少しずつ近づいていくと、やはり店主を中心とした村人のグループだった。地面に倒れたままの加村もいる。足には鎌が刺さったままになっており、身体を震わせて泣いている。
「焦ることはない。加村君を助けに来ることはなくても、流石に自分の行動をきっかけにして殺したくはないだろう、すぐ警察に連絡はしないはずだ」
他の村人に向かって状況を整理しているような店主。
アヤノは自分の心が読まれているようで不快だった。確かに、警察には連絡しようとはしていない。加村がそのせいで死ぬのも後味が悪いし、もしスミレがいるなら、そのせいで余計な危険にさらしたくはなかった。
店主の様子は、特に興奮しているようにも、残虐性や狂暴性を出しているようにも見えない。
むしろ、平常心。毎日、朝起きたら必ず朝食を食べて、歯を磨き、トイレにこもる。そんな当たり前の日常を送っているように見えた。

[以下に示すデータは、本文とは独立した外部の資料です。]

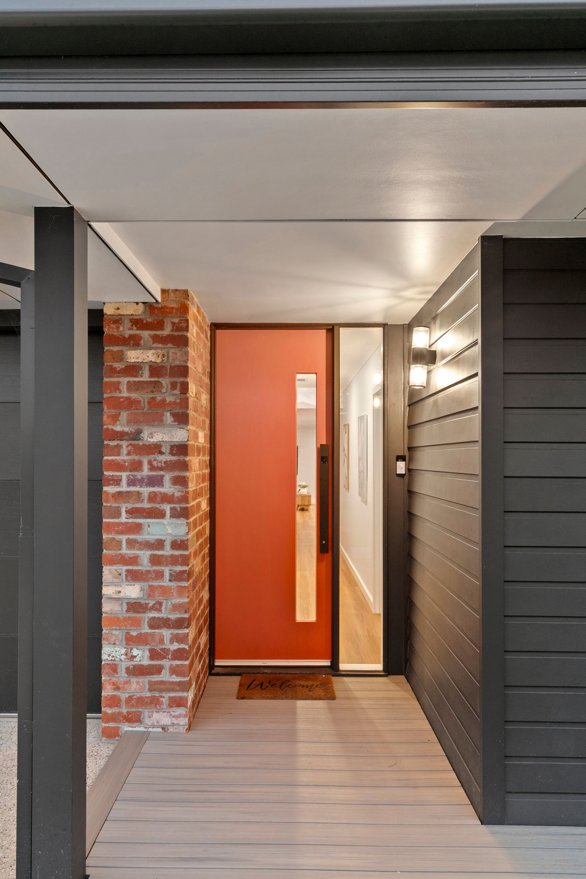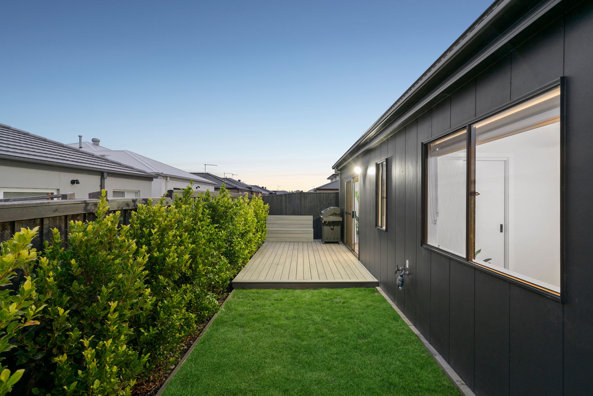 Outdoor Area: Eco deck with built-in bench, grassed area, hedges, side access, security lights, aggregate concrete single side access with gate, rear garage access, and painted fences.

店主だけを切り取ってみれば、周りに凶器を掲げる大人を従えて、自身も猟銃を担ぎ、目の前には足に刃物が刺さったままの人間がいる状況とはとても思えない。
その平常が、逆にその光景の中では異常だった。
「蓮実君はスミレを探している」
スミレという言葉にアヤノの全神経が集中する。
「どうしてあんなに必死なのか、それは分からないけど、加村君よりはスミレがよっぽど大事みたいだ。ふむ、そうだな、誰か一度スミレの様子を確認してきてくれ、変わりないようなら報告を、蓮実君が見つからない以上、今後スミレが鍵になる」
店主の言葉に頷いて、鍬を持った男が走り出そうとすると、すかさず店主が呼び止めた。
「つけられるなよ。蓮実君はちょっと変だ。ただの女子供と思わずにいた方がいい。後の皆は二人一組で蓮実君を探してくれ、森には今まで私たちがいたことを考えると、おそらくは民家の方に逃げた可能性が高い。そちらを徹底して探してくれ。ただし、時間は有限だ。タイムリミットになれば、見つからない場合もすぐに戻ってくるように」
「こいづは?」
「あぁ、オレが隠れて見張って、しばらくこのまま泣かせておく。死んでる味方は捨て置かれるが、怪我をして生きている味方は助けに来るものだろう? ちょっとでも同情を引いてくれたらいいんだが、まぁ望み薄かもなぁ」
状況がまとまった村人たちは、店主が猟銃を手に取ったことを合図にして、別れて行動を始めた。
アヤノは、二人一組で散っていく村人たちの中、一人だけで駆け出して行く村人を視線で追う。
どうやら民家が並ぶ通りとは反対側に行くらしい、アヤノがいる位置からは都合がよく、草むらに隠れながら追うことが出来そうだった。
走り出した村人を見失わないように、細心の注意を払いながらアヤノも駆け出した。
村人は集落の反対側、藪で行き止まりになっているところまでくると、そのまま藪の中に入っていった。
アヤノも静かに後を追うと、藪はすぐになくなって、隠された道が現れた。
そのまま進んでいくと、集落の方からは森の陰に隠れて見えなかった一軒の民家が見えてきた。
その民家に入っていく村人を木陰に隠れて見張る。
数分で村人は出てきて、元の道を戻っていく。
村人の姿が見えなくなるのを確認してから、アヤノは静かに民家の扉を開けた。
民家の中はとても暗かった。
古めかしい造りで、電気が通っているのかも分からない。蝋燭などの灯りもなく、唯一見える箇所は、小さな窓から入ってくる月あかりで、四角く照らされた地面だけだった。
何があるか分からない空間で、アヤノは慎重に足を進める。
右足を踏み出し、次の左足を前に進めたとき、足に何かが当たった衝撃を感じ、何かが転がっていく音が響いた。アヤノがそのことを後悔する間もなく、闇の奥で何かが動く気配がした。
「誰?」
その声が誰のものか、姿が見えずともアヤノにはすぐに分かった。